**What to produce:** Scan the entries and copy each line where the word "puertos" is present.

**Recorded data:**

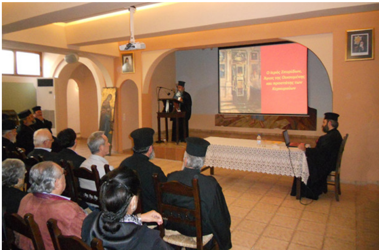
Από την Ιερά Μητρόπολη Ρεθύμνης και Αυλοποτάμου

* * *

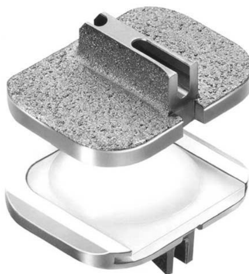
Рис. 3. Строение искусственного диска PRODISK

---

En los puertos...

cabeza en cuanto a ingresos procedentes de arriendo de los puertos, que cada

**Solution to the exercise:**
En los puertos...
cabeza en cuanto a ingresos procedentes de arriendo de los puertos, que cada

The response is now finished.